Log back in to the Nexus web UI, click Browse, then navigate to the thirdparty repository.
This Maven plugin is now available for anyone and can be incorporated in your builds.

Install Jenkins

From the Jenkins web page, download Jenkins.
Download the appropriate version for your environment.
Before starting the installation, verify that you have installed a Java JDK, and set your JAVA_HOME and PATH, then follow the Jenkins documentation on Installing Jenkins on Red Hat distributions.

Install Jenkins plugins

After installing Jenkins with the default setup, log in and install additional plugins.
Click Manage Jenkins then select Manage Plugins.
Click the Available tab.
Select and install the following plugins: Bitbucket, GitLab, Pipeline, Build Pipeline, Green Balls, Publish Over SSH, SSH, and Workspace Cleanup.

Configuring Jenkins

Navigate to the Jenkins main page.
Click Manage Jenkins, then Global Tool Configuration.
Click JDK > JDK installations, fill in Name and JAVA_HOME, as it is set up on your CI server, then Save.
Click Git, fill in the Name and Path to Git executable where Git is installed on your CI server, then Save.
Click Maven installations, fill in the Name and MAVEN_HOME of your CI server, then Save.
You are all set to start building a Jenkins CI Pipeline. You will specify your Bitbucket credential within your Jenkins Jobs.

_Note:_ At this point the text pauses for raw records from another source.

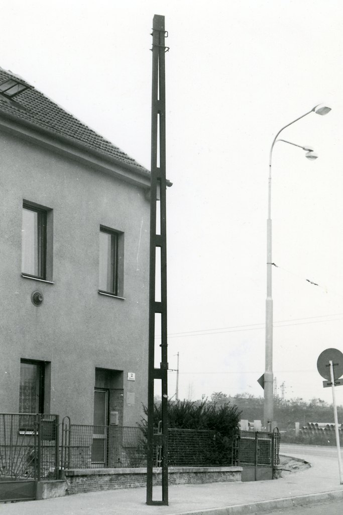 Příhradový sloup jako pozůstatek pomocné stopy, která zde byla postavena pro otáčení trolejbusů linky 21 při každoročních manifestacích 1. máje, kdy dále do centra města nebylo možno projet.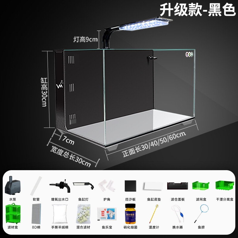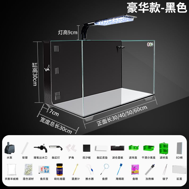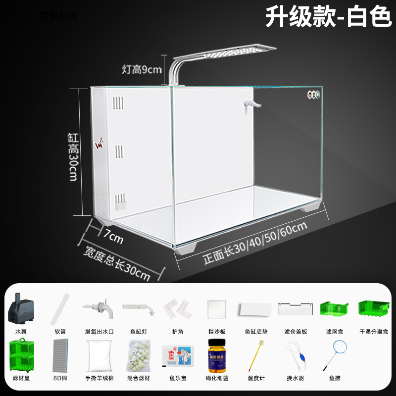 백 필터 작은 어항 가정용 거실 사무실 물 무료 자체 순환 울트라 화이트 유리 수족관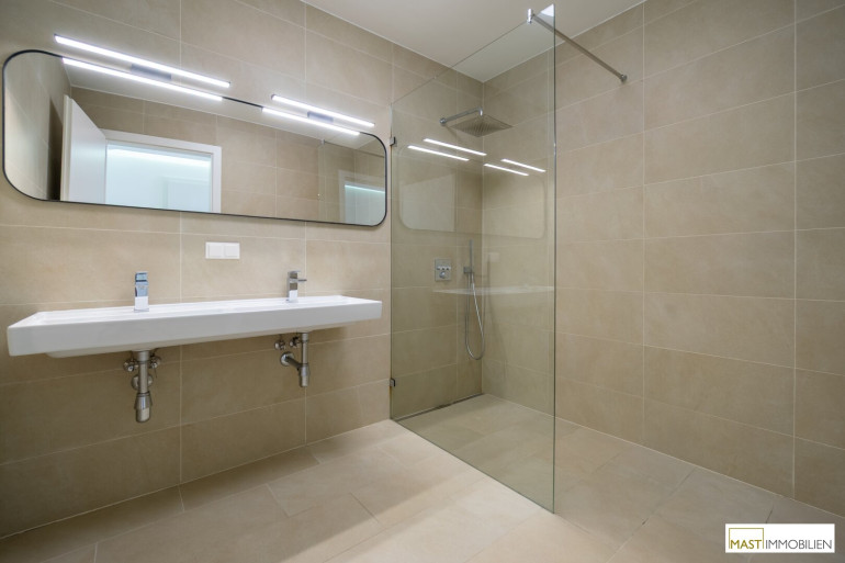 - ebenerdige Wasserfall-Dusche mit GROHE Smart Control Amateur und Doppelwaschbecken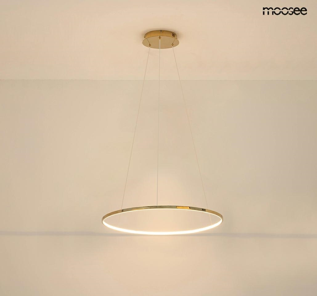 - MOOSEE lampa wisząca RING SLIM 60 złota Elegancka i nowoczesna oprawa wisząca, która ozdobi nie jedno wnętrze. Ponadczasowy i minimalistyczny design zawarto w okrągłej formie wykonanej ze stali w błyszczącym złotym kolorze. W zestawie dołączony jest pilot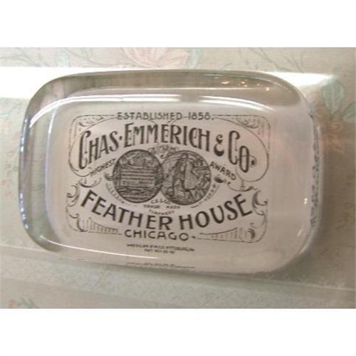 This is a heavy glass paperweight advertising for Chas. Emmerich & Co. Feather House, Chicago. It was made in 1892 to commemorate the 1893 Columbia Expo in Chicago. At least that is what I assume. At the very bottom in small print is American P.W. Co. Pittsburg, Pa. Pat. Nov. 29, 92. It has a few fine scratches on the top which in my opinion doesn't detract from this wonderful piece and otherwise no chips or cracks. A great cross-over collectible for worlds fairs, paperweights and advertising collectors. It is 4" long, 2 1/2" wide and about 1" thick.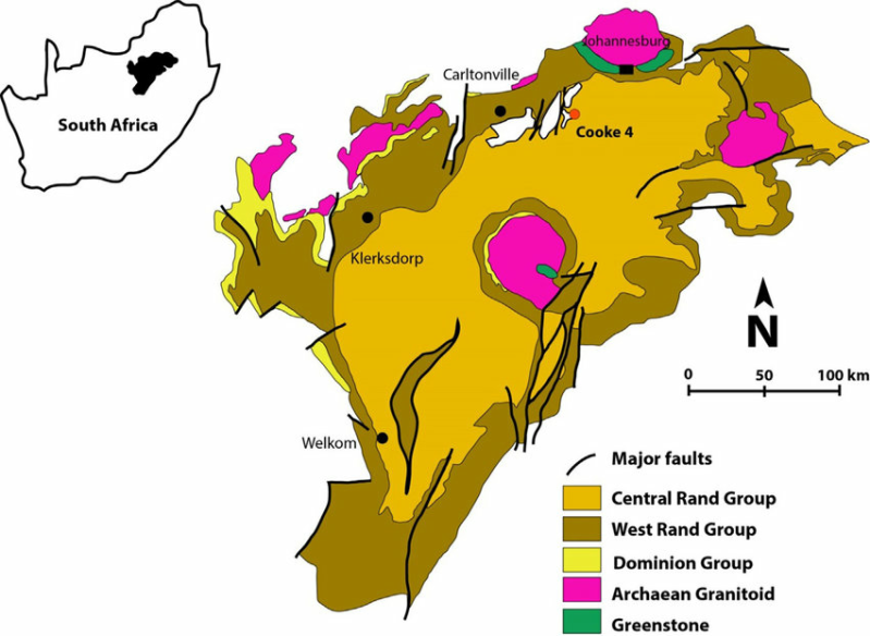 Het Witwatersrand-Bassin werd gevormd als “reactie” op een reeks bewegingen van aardkorstplaten, de eerste tektonische bewegingen! Tektonische omkering na de uitvloeiing van 2,9 Ga andesitisch (mineralen bevattend) lava leidde tot een verschuiving naar continentale sedimentatie. Deze fase ging gepaard met de grootste bekende goudconcentratie in de geschiedenis van de Aarde, aanvankelijk door microbiële hechting aan opkomende kolonies van waarschijnlijk cyanobacteriën in omgevingen nabij de kustlijn, vervolgens door mechanische bewerking van de goudrijke microbiële matten om door conglomeraten geleverde ‘placerafzettingen’ te vormen.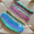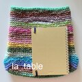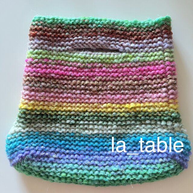 カラフルな糸をぐるぐると編み進めてバッグに仕立てました。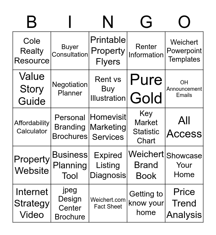 This bingo card has 25 words: Business Planning Tool, Weichert.com Fact Sheet, Rent vs Buy Illustration, Internet Strategy Video, Weichert Powerpoint Templates, Cole Realty Resource, Value Story Guide, Buyer Consultation, Key Market Statistic Chart, Expired Listing Diagnosis, Pure Gold, Affordability Calculator, Weichert Brand Book, Showcase Your Home, Negotiation Planner, Price Trend Analysis, All Access, Printable Property Flyers, OH Announcement Emails, Personal Branding Brochures, Homevisit Marketing Services, jpeg Design Center Brochure, Property Website, Renter Information and Getting to know your home.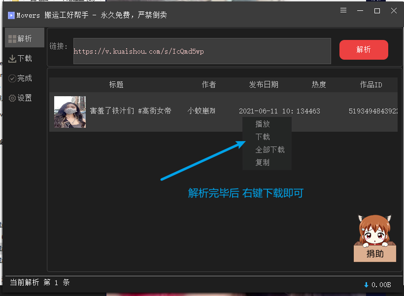 movers主打的正是短视频平台作品的一键解析下载服务,打开程序之后输入自己需要下载内容的指定链接,其次就是看页面呈现的短视频标题,作者,日期以及热度等信息是否能够对应上,没有问题导入到队列以后就可以完成极速下载,整体的搬运解析任务做的不错,也可以选择是否保留平台水印。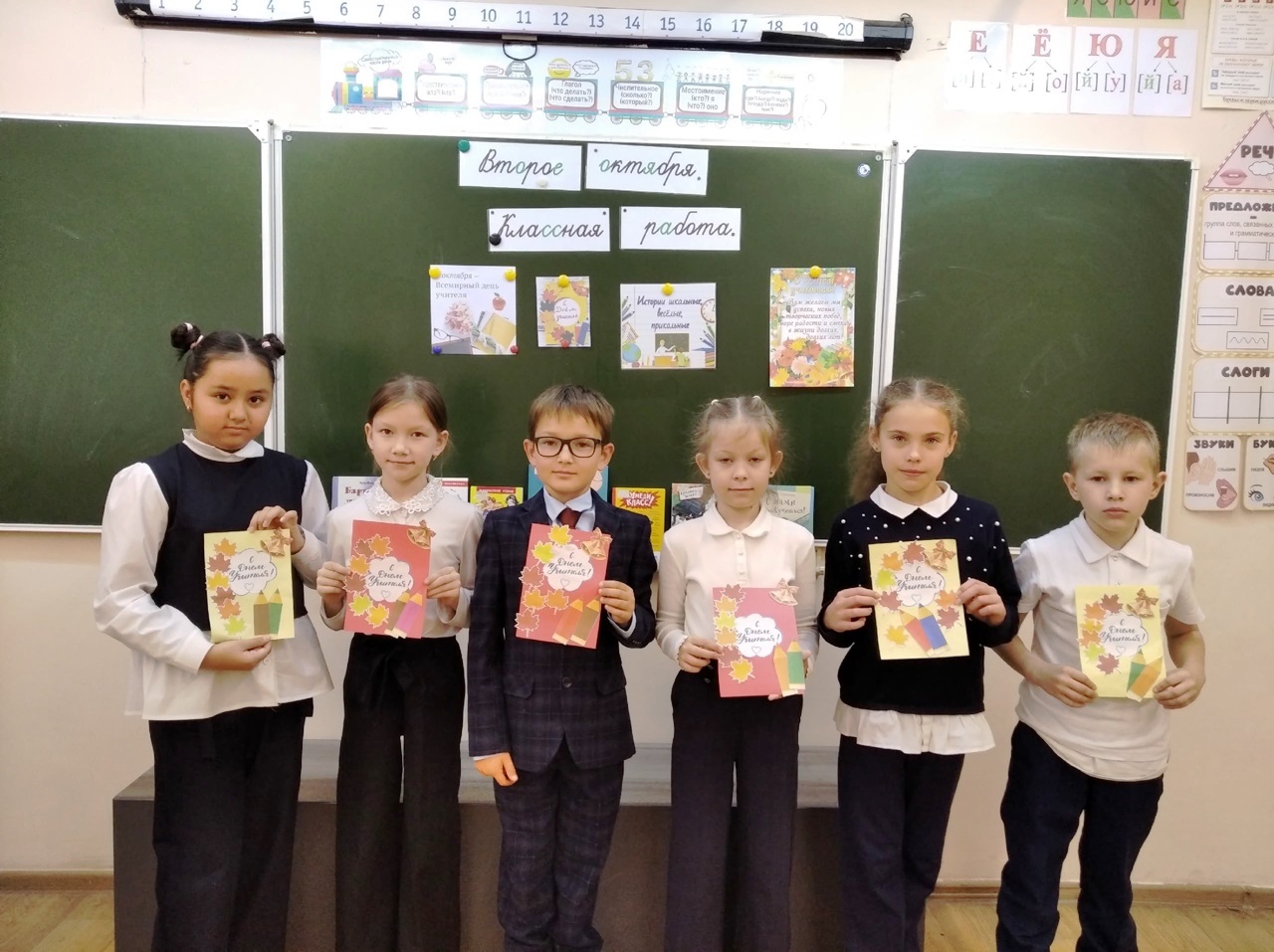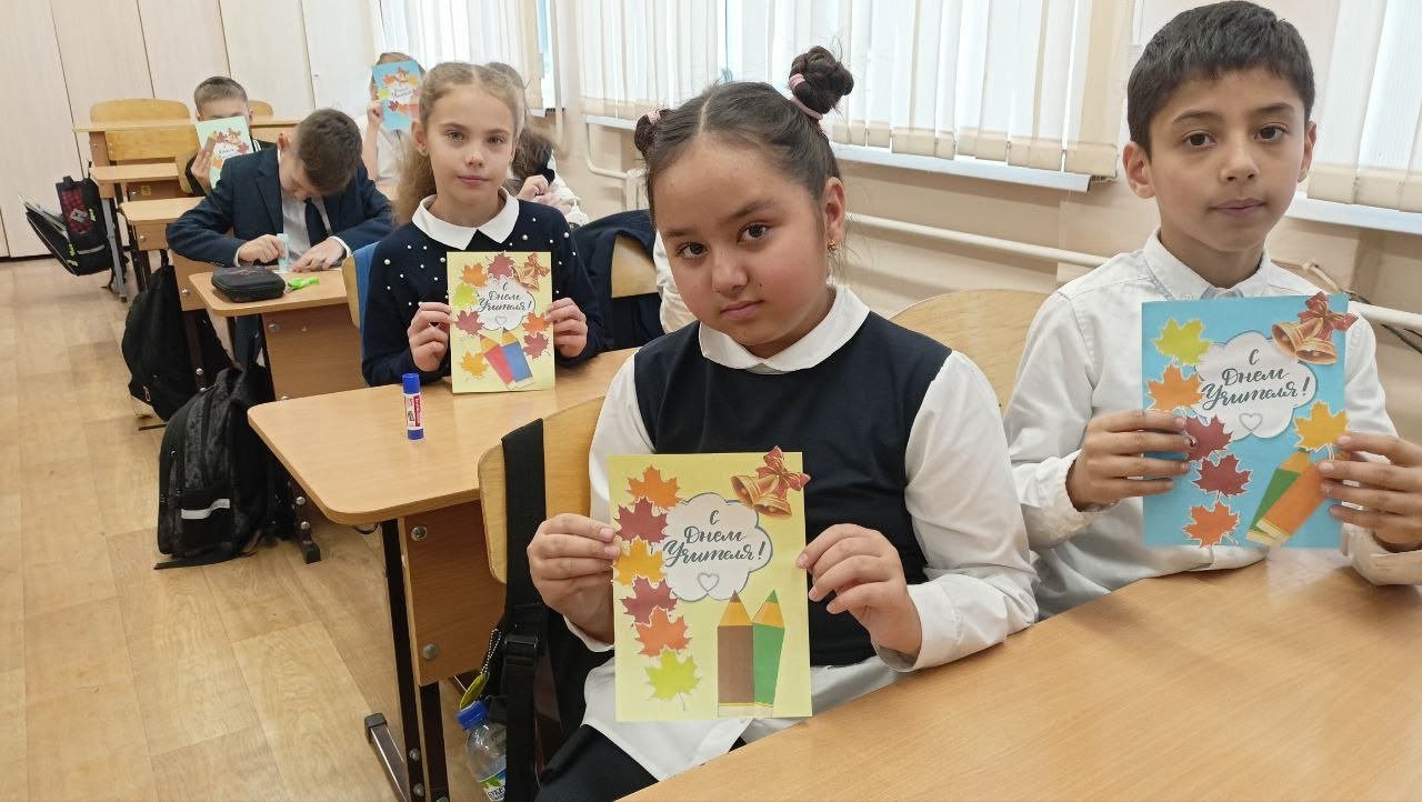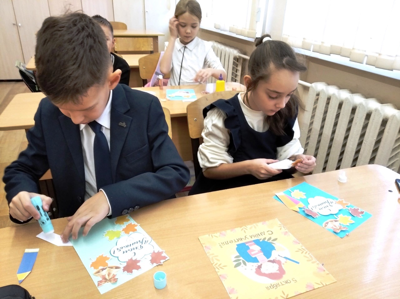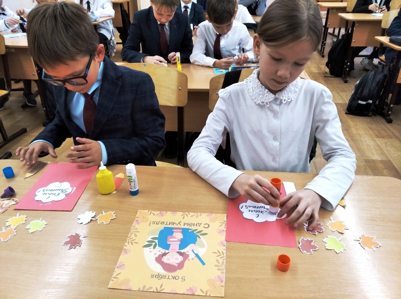 Порадовать любимого педагога в его профессиональный праздник можно яркой самодельной поделкой! На творческом мастер-классе учащиеся изготовили праздничные открытки из цветной бумаги и картона в технике «аппликация». С самого начала занятия ребята окунулись в творческий процесс. Они старательно и аккуратно вырезали и приклеивали каждый элемент изготовляемой ими открытки и оставили теплые поздравления для своих любимых учителей. Работы получились яркими, красочными, а пожелания в открытках были искренними и добрыми.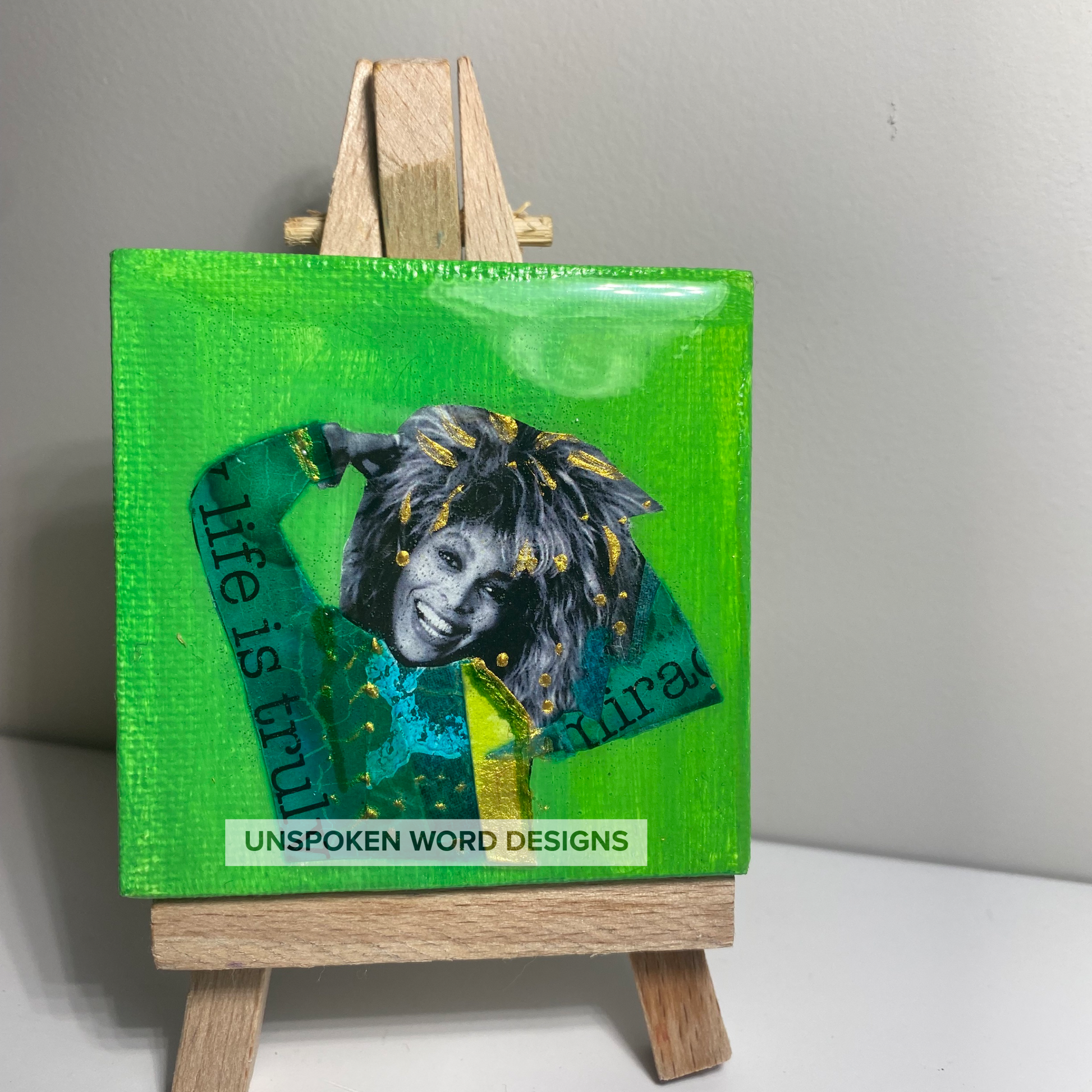 Auntie Tina is a one-of-a-kind mini monochromatic collage featuring legendary singer, songwriter & actress Tina Turner. This 2.5x2.5 piece of artwork is perfect for collectors or fans of Tina Turner and her iconic music career. Enjoy the timeless beauty of this piece for years to come.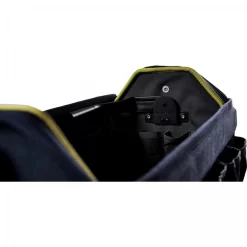 Der inkludierte, ergonomische Schultergurt ist abnehm- und verstellbar. Der Boden der Werkzeugtasche ist so gestaltet, dass die Werkzeugtasche auf raaco CarryMore-Tragerahme platziert werden kann.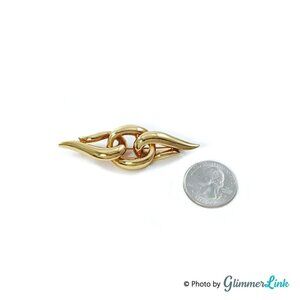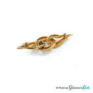Vintage NAPIER modernist gold tone bar brooch featuring intertwined swirls that resemble a bow.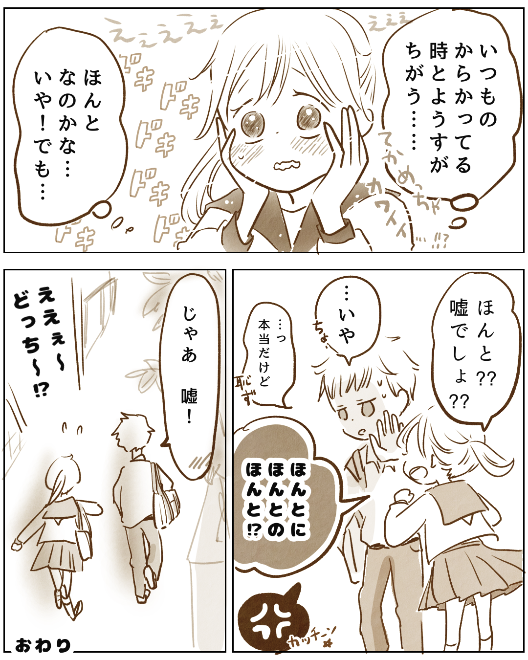 キュンとする恋の思い出【Lovely漫画】 オリジナル漫画 2022年3月29日 目次ああ、甘酸っぱい!こちらの学園漫画もチェック! 忘れられない恋 | Lovely[ラブリー] 中学・高校と一緒だった彼に6年間片思いしていた私。告白できないまま卒業の日がやってきて…。©beth/エピソード:すーちゃん あまずっぱい恋 | Lovely[ラブリー] ©azusa/エピソード:ぐら 卒業式 全校生徒の前でサプライズ#1 | Lovely[ラブリー] ©りん/エピソード:こなつ 卒業シーズンに読みたい泣ける・切ない・グッとくる学園漫画ランキングTOP10! | Lovely[ラブリー] 20代・30代・40代に「卒業式にまつわる思い出」を大調査!それぞれの「アオハル」を紐解いたら、卒業アルバムや第二ボタン…といった思い出のアイテムに違いがあることがわかりました。卒業シーズンに読みたい漫画ランキングも発表します! ライター Lovely編集部 編集部レポや最新情報など皆さんの「知りたい」をお届け!よろしくお願いします♡ Related article / 関連記事 オリジナル漫画 メンヘラ彼氏にサヨナラ【Lovely漫画】 ©みんみ 2022年3月29日 オリジナル漫画 年下イケメン彼氏に翻弄されるオンナの毎日#3【Lovely漫画】 ©みんみ 2022年3月29日 オリジナル漫画 2人暮らしのゆる家事日記~気まぐれ旦那の献立作りの巻き~後編【Lovely漫画】 ©みんみ 2022年3月29日 オリジナル漫画 年下イケメン彼氏に翻弄されるオンナの毎日#1【Lovely漫画】 ©みんみ「初めての○○の話 前編」 2022年3月29日 オリジナル漫画 年下イケメン彼氏に翻弄されるオンナの毎日#2【Lovely漫画】 ©みんみ「初めての○○の話 後編」 2022年3月29日 オリジナル漫画 よかったらシェアしてね! URLをコピーしました! URLをコピーしました! 【夢占い】彼女に浮気された夢の意味13選|もしかして予知夢?心理状態も解説 | plush 恋愛相談はどこで?相談所・掲示板・アプリでする?男友達にする?

Create a Jenkins CI Pipeline

Add a Bitbucket webhook

Login to Bitbucket.
Select your repository.
Click Settings.
From WORKFLOW select Webhooks.
Click Add webhook, specify a title, and build the URL as follows: http://PUBLIC IP of JENKINS:8080/bitbucket-hook/. Configure the remaining options as shown below, then Save.
To the right of your webhook, click View requests.
Go back into Studio and make a small change to your Job, for example, change the name of a component, then push the change to Git, come back to the Bitbucket webhooks request, and make sure that the webhook is working.

Compile

Go to Jenkins main page and select New Item.
Enter the Job name: 01_BitBucket_Compile, select Maven Project, click OK.
Scroll down to Source Code Management, select Git, enter your Repository URL, add your credentials, and specify the branch, for example, */master.
Scroll down to Build Trigger, then select Build when a change is pushed to BitBucket.
Scroll down to Build Environment, then select Delete workspaces before starts.
Scroll down to Build, and complete the first section as shown below: add the Root POM of your Talend project, define your Maven Goals and options, and point to your cmdline instance for MAVEN_OPTS.
Complete the section as shown below: locate your maven_user_settings.xml file.
Click Save. Your first Jenkins Job is complete.
To run it manually, click the green arrow with a clock, on the right side of the screen.
Click the console output to see the results, and you should end up with the status: Finished: SUCCESS.
As you did earlier, make a small change to your Job from the Studio, push the modification to Git, and make sure that the compile of the Jenkins Job has been triggered.

Test

Create a new Maven project, name it 02_Test, scroll down to Build Triggers, configure the project as shown below:
Set up the Build Environment:
Configure Build as shown below, then click Save:

Package

Create a new Maven project, name it 03_Package, scroll down to Build Triggers, and configure the project as shown below:
Set up the Build Environment:
Configure Build as shown below, then click Save:

Install

Create a new Maven project, name it 04_Install, scroll down to Build Triggers, and configure the project as shown below:
Set up the Build Environment:
Configure Build as shown below, then click Save:
Create a new Maven project, name it 05_Deploy, scroll down to Build Triggers, and configure the project as shown below:
Set up the Build Environment:

Configure Build as shown below, then click Save:

MAVEN_OPTS:

-Dproduct.path=/opt/cmdline
-Dgeneration.type=local
-DaltDeploymentRepository=snapshots::default::http://YOUR NEXUS PUBLIC IP:8081/repository/ben_snapshots/

Create a new Pipeline view from the Jenkins main page by clicking the plus [+] sign next to the tabs.
Give it a name, Pipeline View, select Build Pipeline View, then OK.
Specify the Pipeline Flow, as shown below. Keep the rest of the default settings. Click OK.
Run the first job manually, or make a small change to your Talend Job, and push the update to Bitbucket. Click the Pipeline view you just created.
Make sure that your pipeline ran successfully, and check your repository to confirm that your Talend Job has deployed.

Show Less

0

2428

Official Support Articles

'Problem with connection to Integration Cloud' error when testing the connectio...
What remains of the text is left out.